With that in place, I did:

ab -c 10 -n 1000 http://localhost:8001/

And I get a lot of:

new_worker
new_worker
dismiss_worker
new_worker
new_worker
dismiss_worker
new_worker
new_worker
dismiss_worker
new_worker
new_worker
dismiss_worker
new_worker
new_worker
dismiss_worker
new_worker
new_worker
dismiss_worker
dismiss_worker
new_worker
new_worker
dismiss_worker

Now, I changed the size parameter to 10, and rerun 'ab' and do not get any churn, and the requests naturally are faster too.

So, that's what I can see... For what it's worth, this is using epgsql under the hood, managed by boss_db.

I don't see any evidence of crashes, and I would think that if there were something crashing, it would not depend on the size parameter.

devinus · 2013-06-11T17:09:46Z

@davidw Ah, this is because the size of your pool is 1, with a max_overflow of 20. This means that your pool is only keeping 1 worker on hand. A max_overflow of 20 means that instead of queueing requests and waiting for your one available worker to be checked back in, the pool will create up to 20 new workers to handle increased workload, but then dismiss them when they're checked back in. That's where the churn is.

davidw · 2013-06-11T20:29:28Z

Aha... ok, so that explains things. Now ... is there a way to do something along the lines of how I thought it worked without radically changing things? The overflow workers go away a little bit at a time, for instance, or maybe some params like start_size / max_workers.
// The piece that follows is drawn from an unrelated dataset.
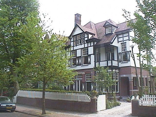 Linkerdeel van dubbelvilla op rechthoekige plattegrond, bestaande uit twee bouwlagen onder een met pannen gedekte samengestelde kap. Het dak bezit hoge gemetselde schoorstenen, pirons en dakkapellen met driehoekig fronton met vakwerk. De bakstenen gevels zijn op de tweede bouwlaag gepleisterd. De rechteras van de voorgevel is als risaliet behandeld en bezit een top met vakwerk en driehoekig fronton met houten briefpanelen. Links daarvan bevinden zich op de eerste en tweede bouwlaag respectievelijk een erker en een veranda met houten balustrade, onder een lessenaarsdak op houten staanders. Op de hoek bevindt zich een ronde arkeltoren met vakwerk, gedekt door shingles. Onder de arkeltoren is de ingang - een houten paneeldeur - in een bakstenen portaal met hardstenen onderdelen gesitueerd. De vensters bezitten houten kozijnen en zijn voor het merendeel onderverdeeld in kleine roeden. In de bovenlichten is gekleurd glas aangebracht. De vensters en openslaande deuren op de begane grond van de risaliet zijn voorzien van een hardstenen omlijsting aan de bovenzijde. De drie assen brede zijgevel verspringt naar achteren toe; in het middendeel is een zij-ingang met daarboven een hoog houten kruisvenster met glas-in-lood. Tegen het achterste deel bevindt zich een hoge uitgemetselde schoorsteen. Aan de bovenzijde van de gevel is vakwerk aangebracht.

Here's my use case: this is all going to go on a semi-embedded system where it's going to be pretty normal to have only one user at a time, and maybe a system process or two accessing the DB. It'd be nice to just start one worker and let things ramp up if more are needed. It's not that big a deal either way, it just struck me as something that would help us contain memory usage. Obviously an extra worker is not the problem, but the DB child process that it engages.

Vagabond · 2013-06-13T05:18:10Z

Actually, on checkin, if there is work pending (as in you're using nonblocking checkouts), poolboy will reuse the worker instead of killing it. Other than that, yes, they will get reaped pretty quickly.

davidw · 2013-06-13T20:32:04Z

Hi,

Can you add some explanation rather than simply closing?

I opened it because it's a genuine problem: poolboy, as it stands, scales poorly because you have to guess at the "correct" value for size with failure to do so meaning that either 1) the system overallocates resources initially, or 2) churns once you go over size.

Adaptive scaling is pretty common - the Apache web server, for instance, has configuration parameters like: MaxSpareServers, MinSpareServers, StartServers, and MaxClients.

The computer knows how many resources it needs at a given point in time - as long as it's under a certain maximum limit, it should be free to allocate those resources and then gradually eliminate them as the need lessens.

devinus · 2013-06-13T20:43:35Z

@davidw The issue is closed because it's not an issue. However, GitHub still allows discussion here, as you can see. Poolboy, as it stands, scales just fine. I've had it scaling to hundreds of workers at thousands of requests a second (see: https://github.com/devinus/poolboy-benchmark). It doesn't scale any further than what you configure it to scale to.

You have two important options:

size: The initial and maximum size of the pool. When a worker is checked out from the pool, the pool size is never increased. As long as your max_overflow is 0 and your workers aren't dying before they're checked back into the pool, there will be no "churn".
max_overflow: The amount of temporary workers the pool is allowed to create if there is enough demand.

If you don't want "churn", then don't allow overflow. If you don't want a lot of workers because of memory constraints, then don't allow a large pool size -- your requests will be queued to the pool with a configurable timeout.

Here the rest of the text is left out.